# Action item
Look below for the line with "電球口径 E17 *60W以下をご使用下さい。". Retype it and every line after it to the end, exactly, but leave out the pictures.

# Information supplied

+++

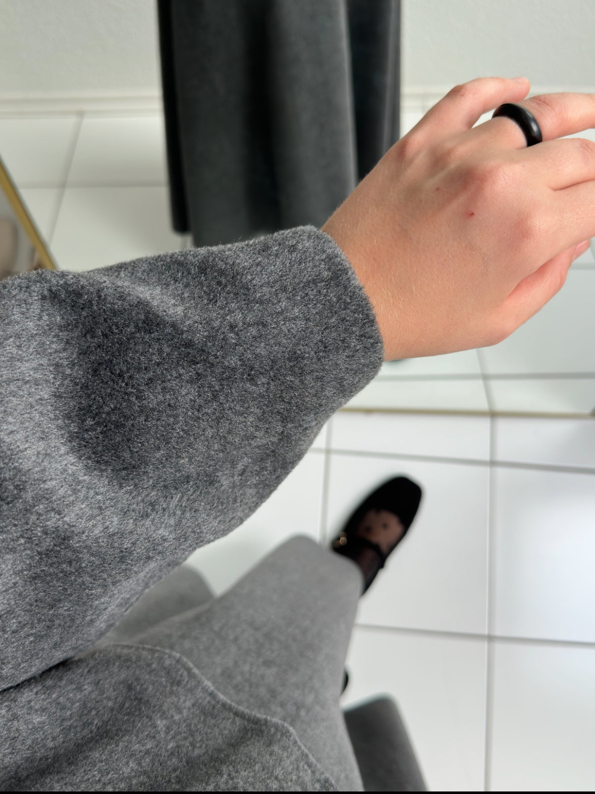 Auf den Fotos wurde unter der Jacke unser feiner Fledermausärmel-Strickpullover in Grausowie unser Penye-Schal in Farbe Nr. 10 getragen.
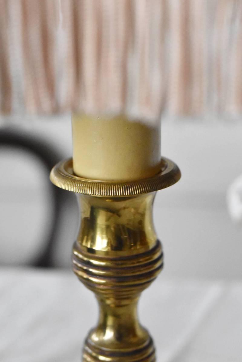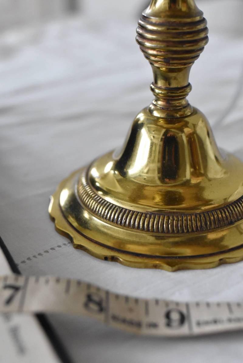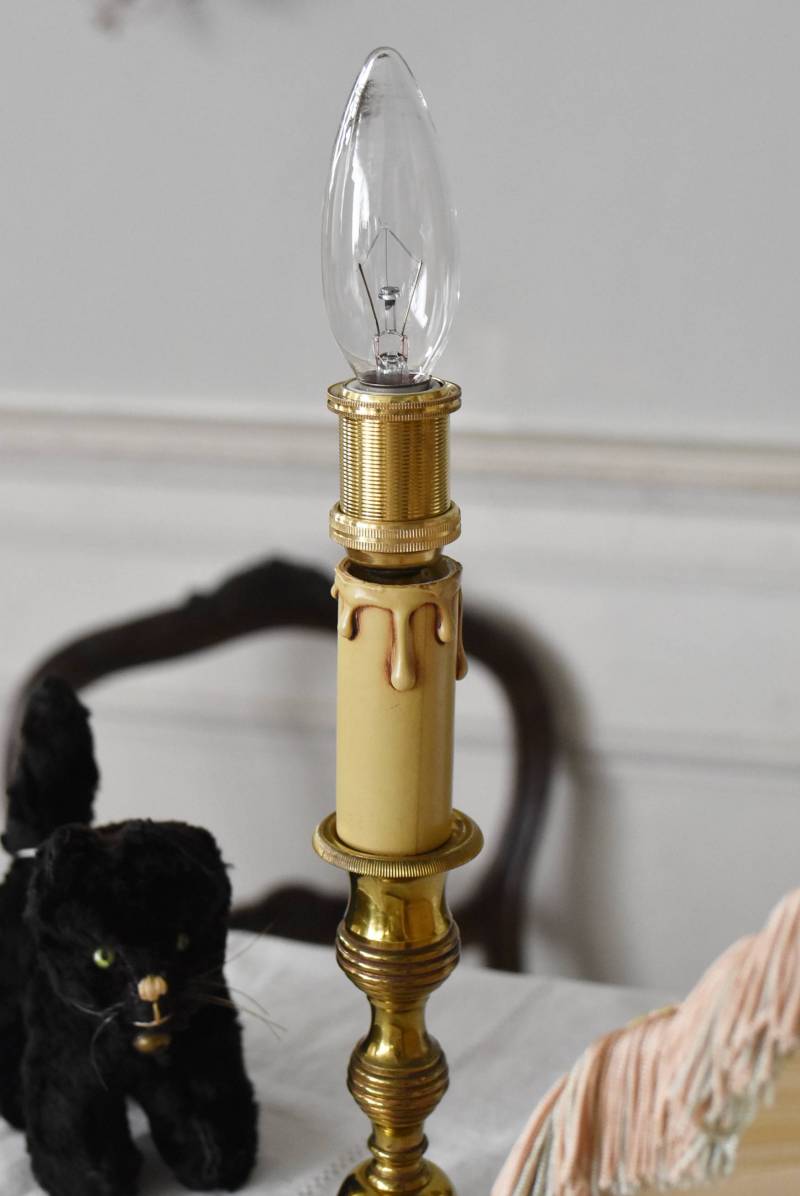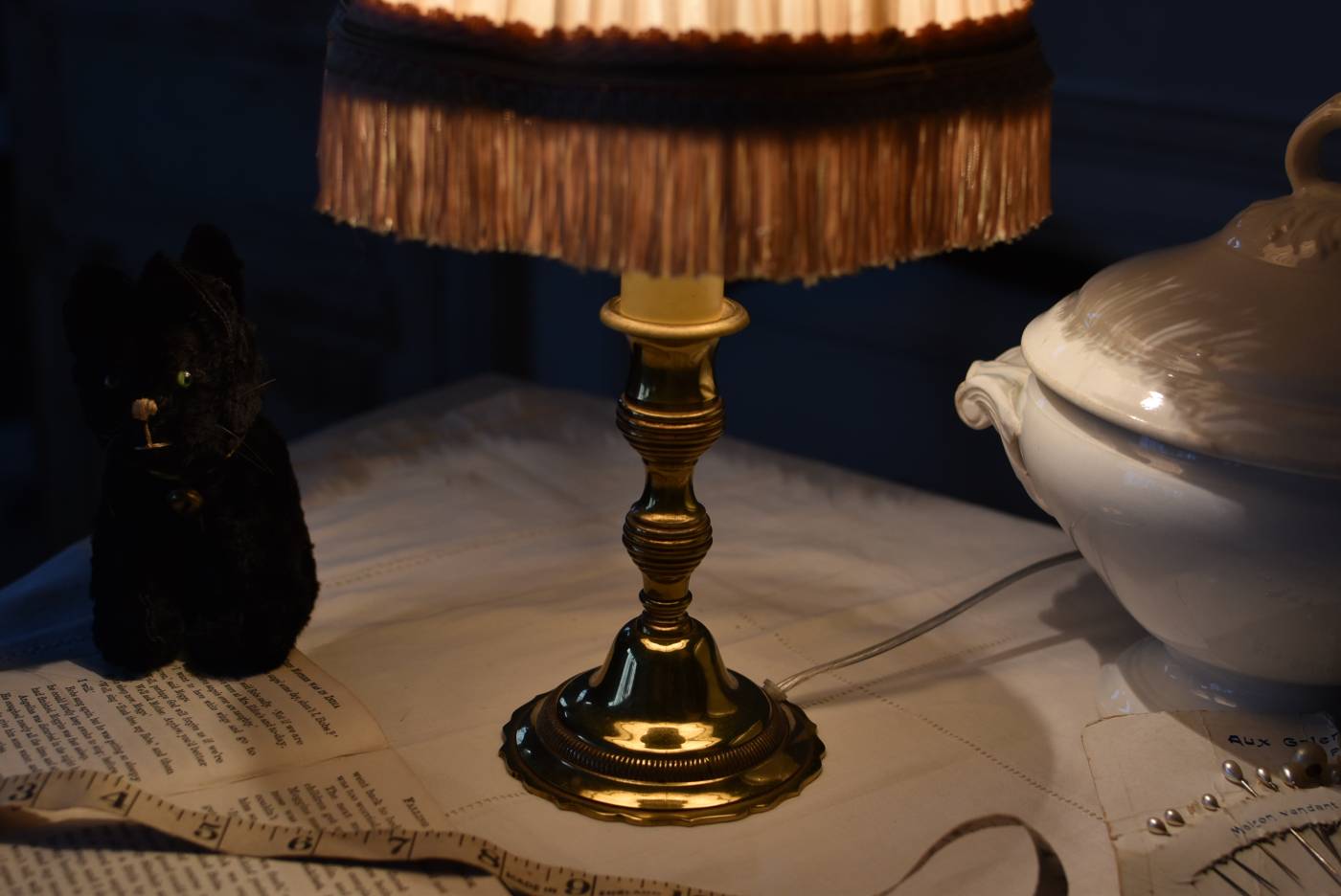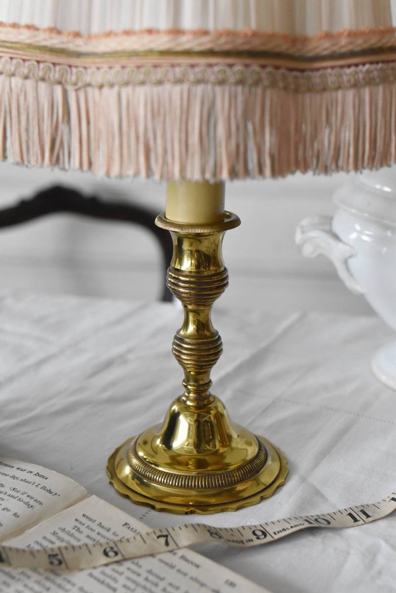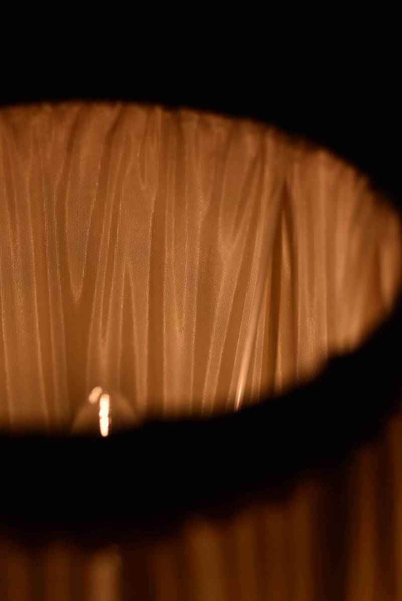フランスのテーブルランプ。 細やかなギャザーがあしらわれた柔らかな布地に、ピンクやグリーンなどの淡いカラーのリボンやフリンジが合わさったフェミニンな姿で光を優しく包み込んでくれます。凸凹としたシルエットにリングが重ねられたような真鍮製の土台も個性的で、艶やかなゴールドカラーとなった上品な佇まいです。 ソケット・コード・スイッチは新しい物に交換済みです。 電球は付属しません。それぞれでの販売となりますが、同じデザインのテーブルランプ.Bがあります。 直径 約21cm H 約37cm 土台直径 約10cm 電球口径 E17 *60W以下をご使用下さい。
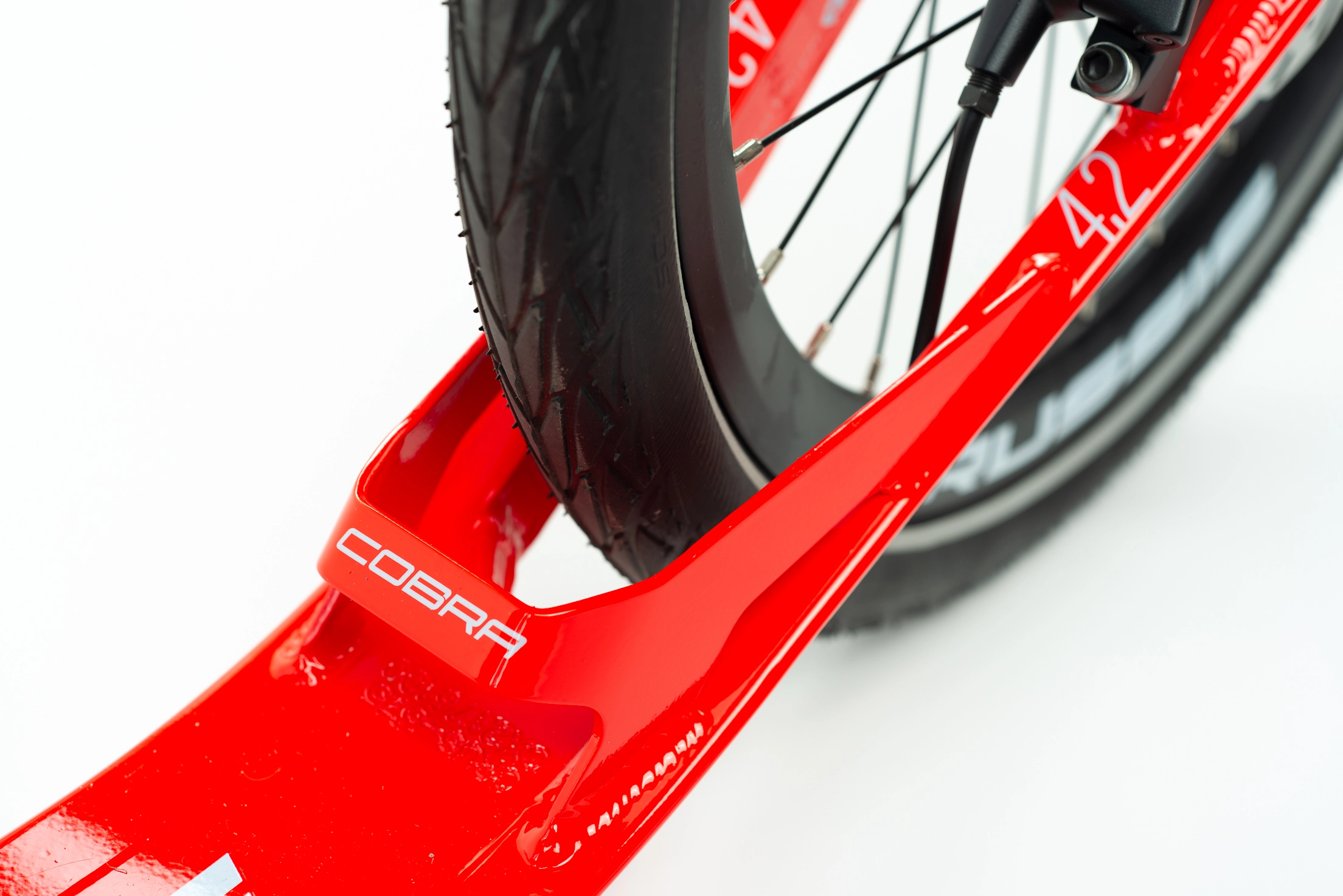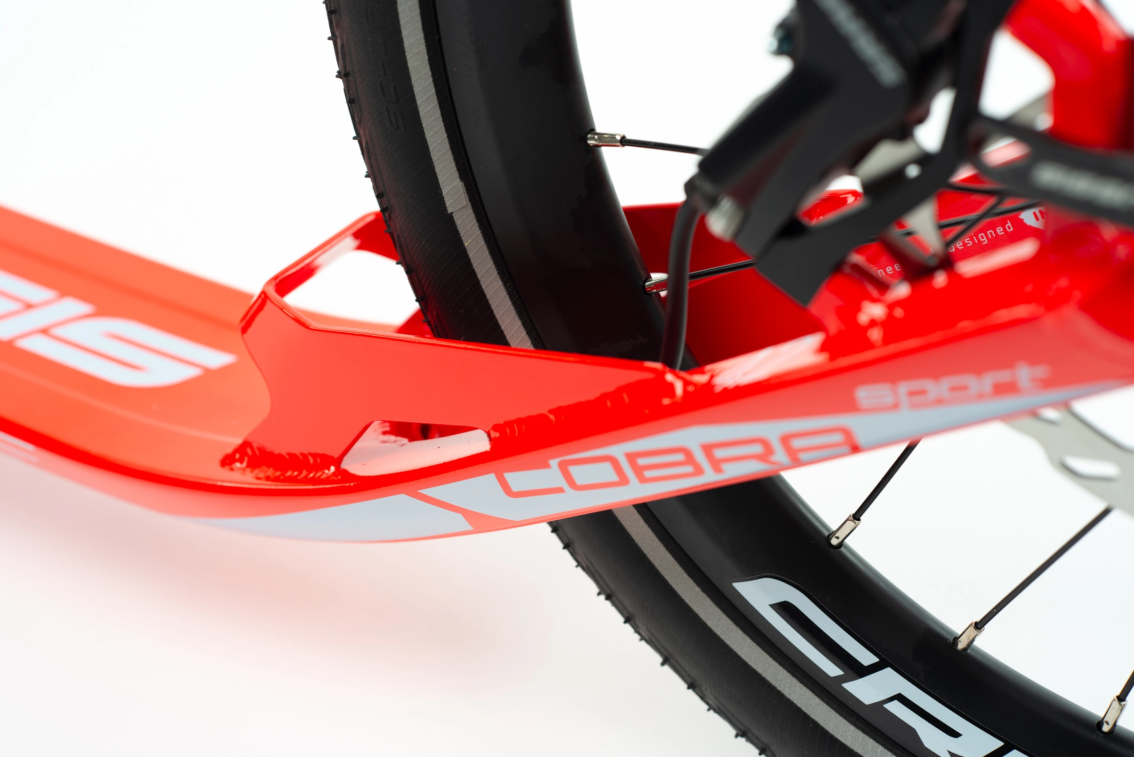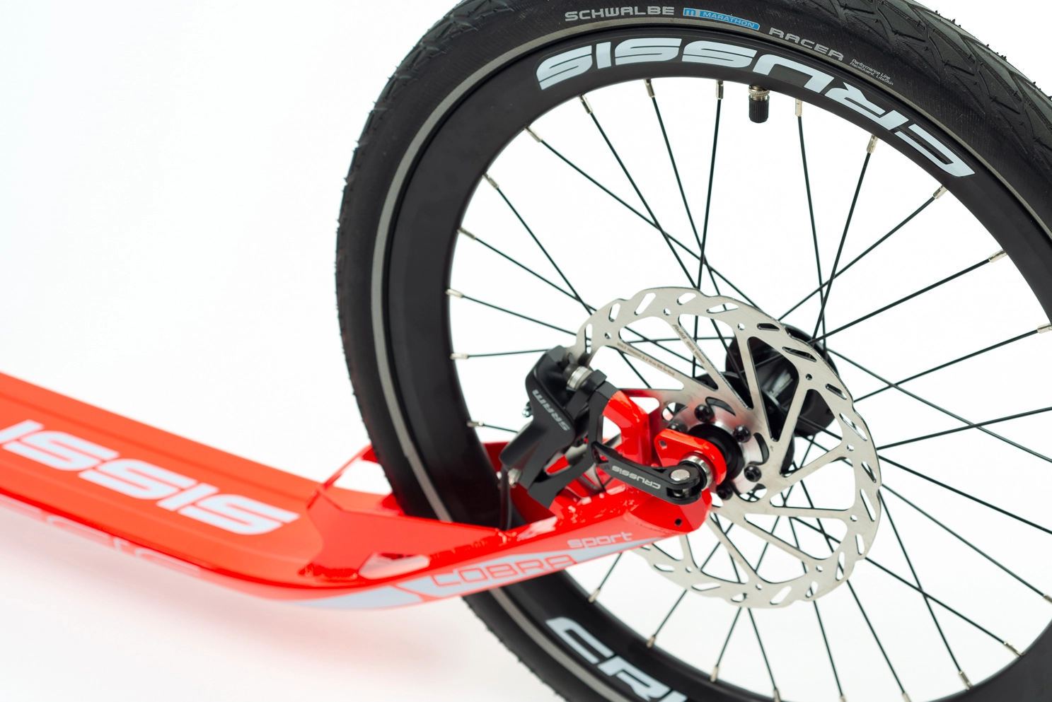 Hliníková koloběžka COBRA Sport od CRUSSIS na špičových kotoučových hydraulických brzdách SRAM s průměrem kol 26“×20“ a hmotností 8,650 kg. Koloběžka je ideální pro akční jezdce do kopcovitějšího terénu, má podstatně lepší brzdný účinek.

+++

# Response to the task
フランスのテーブルランプ。 細やかなギャザーがあしらわれた柔らかな布地に、ピンクやグリーンなどの淡いカラーのリボンやフリンジが合わさったフェミニンな姿で光を優しく包み込んでくれます。凸凹としたシルエットにリングが重ねられたような真鍮製の土台も個性的で、艶やかなゴールドカラーとなった上品な佇まいです。 ソケット・コード・スイッチは新しい物に交換済みです。 電球は付属しません。それぞれでの販売となりますが、同じデザインのテーブルランプ.Bがあります。 直径 約21cm H 約37cm 土台直径 約10cm 電球口径 E17 *60W以下をご使用下さい。
 Hliníková koloběžka COBRA Sport od CRUSSIS na špičových kotoučových hydraulických brzdách SRAM s průměrem kol 26“×20“ a hmotností 8,650 kg. Koloběžka je ideální pro akční jezdce do kopcovitějšího terénu, má podstatně lepší brzdný účinek.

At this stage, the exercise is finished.